September 15, 2016 | General

General Mills Turns Whey Into Energy


Food processor installs anaerobic digester primarily to treat acid whey from its Greek yogurt production. Power generated offsets about 10 percent of plant’s electric load.

Alle Crampton
BioCycle September 2016
Water from the anaerobic process is shown flowing the opposite way as the digested sludge (inset). Some solids to the right can be seen in main photo, but overall the water is clear.

Water from the anaerobic process is shown flowing the opposite way as the digested sludge (inset). Some solids to the right can be seen in main photo, but overall the water is clear. Photos courtesy of General Mills Incorporated

In August 2015, General Mills pledged to reduce greenhouse gas (GHG) emissions by 28 percent over a 10-year period, demonstrating its commitment to environmentally sound practices.
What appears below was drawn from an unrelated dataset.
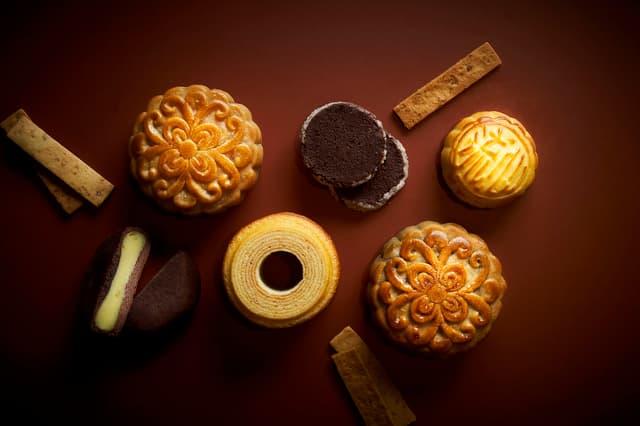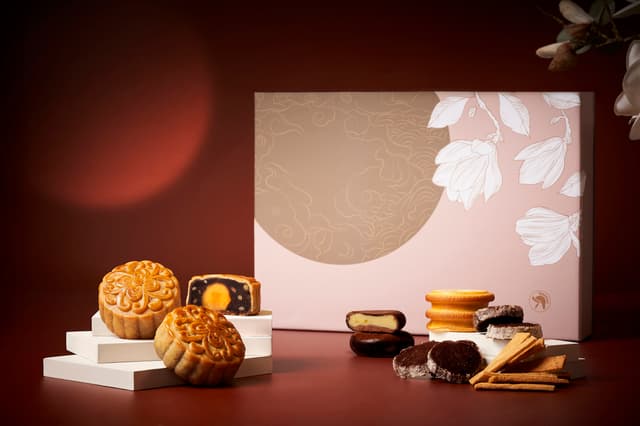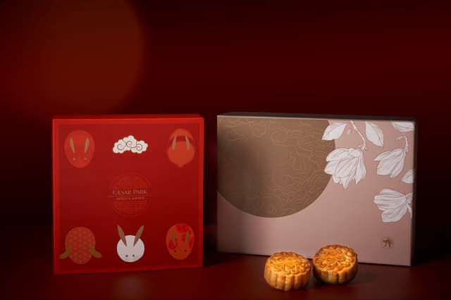 凱撒飯店連鎖「雅月澄心禮盒」,盒身設計以2025年PANTONE年度代表色「摩卡慕斯」為概念,再運用乾燥玫瑰粉與典雅木蘭花點綴,加上柔和映月意象,打造內斂優雅的視覺風格。禮盒內結合中、西與日式月餅及點心,包含廣式月餅「蓮蓉蛋黃」、「烏豆沙松子蛋黃」兩款,及「巧克力鑽石餅」、「甘藷酥條」、「年輪蛋糕」與「栗子蛋糕」四款精選甜品。其中「蓮蓉蛋黃」選用鹹香蛋黃與淡雅清香白蓮蓉,內餡絲滑細緻,兼具傳統與雅緻的滋味。「烏豆沙松子蛋黃」將慢火熬製豆沙加入特級松子,帶出堅果獨特香氣,甜而不膩。酥脆爽口的「甘藷酥條」嚴選台灣在地炭烤地瓜、特級奶油與麵粉製成,帶有地瓜香氣。

The General Mills Yoplait and Pillsbury manufacturing facilities in Murfreesboro, Tennessee completed a cost savings project that offsets 10 percent of the plant’s power needs while eliminating 250 metric tons of carbon dioxide emissions annually.
Opened in 1979, the Murfreesboro plant was originally used to make frozen pizza food items. In 2004, General Mills added production lines to produce Yoplait yogurt goods, including Greek yogurt. Production of Greek yogurt requires three gallons of milk to make one gallon of Greek yogurt (vs. 1 gallon of milk to make 1 gallon of regular yogurt). It involves separating whey from the heavier cream in milk; 60 to 70 percent of the milk becomes an unusable waste by-product called acid whey that is either landfilled or land applied. The General Mills plant was not allowed by the Murfreesboro Water and Sewer Department to increase its BOD loadings, thus the yogurt whey was collected into storage tanks and then trucked off site for land disposal.
Supported by Chief Sustainability Officer Jerry Lynch, the plant and corporate teams worked to find an improved solution to managing the Greek yogurt by-products. In late 2014, the Murfreesboro plant received corporate approval for construction of an anaerobic digester (AD), and connected energy recovery facilities. The project was partially funded by a federal Investment Tax Credit.
“Prior to the digester being added, General Mills still produced high quality effluent that was able to be reused,” notes Steve Huffman, Murfreesboro Water and Sewer Department’s Pretreatment Coordinator. “The addition of the anaerobic digester greatly reduced the sludge loading while still maintaining the high quality effluent. Sampling analysis for total suspended solids (TSS) and biochemical oxygen demand (BOD) rarely show concentrations higher than 100 ppm. The dedication to their pretreatment plant has prevented any loadings of TSS and BOD to the publicly owned treatment works.” The AD facility enables General Mills to treat all of the yogurt whey to BOD values that are always within permit limits rather than having to truck the whey off site.
The 6.5 million gallon anaerobic digester installed at the General Mills Inc. plant in Murfreesboro (TN) began operating in 2014.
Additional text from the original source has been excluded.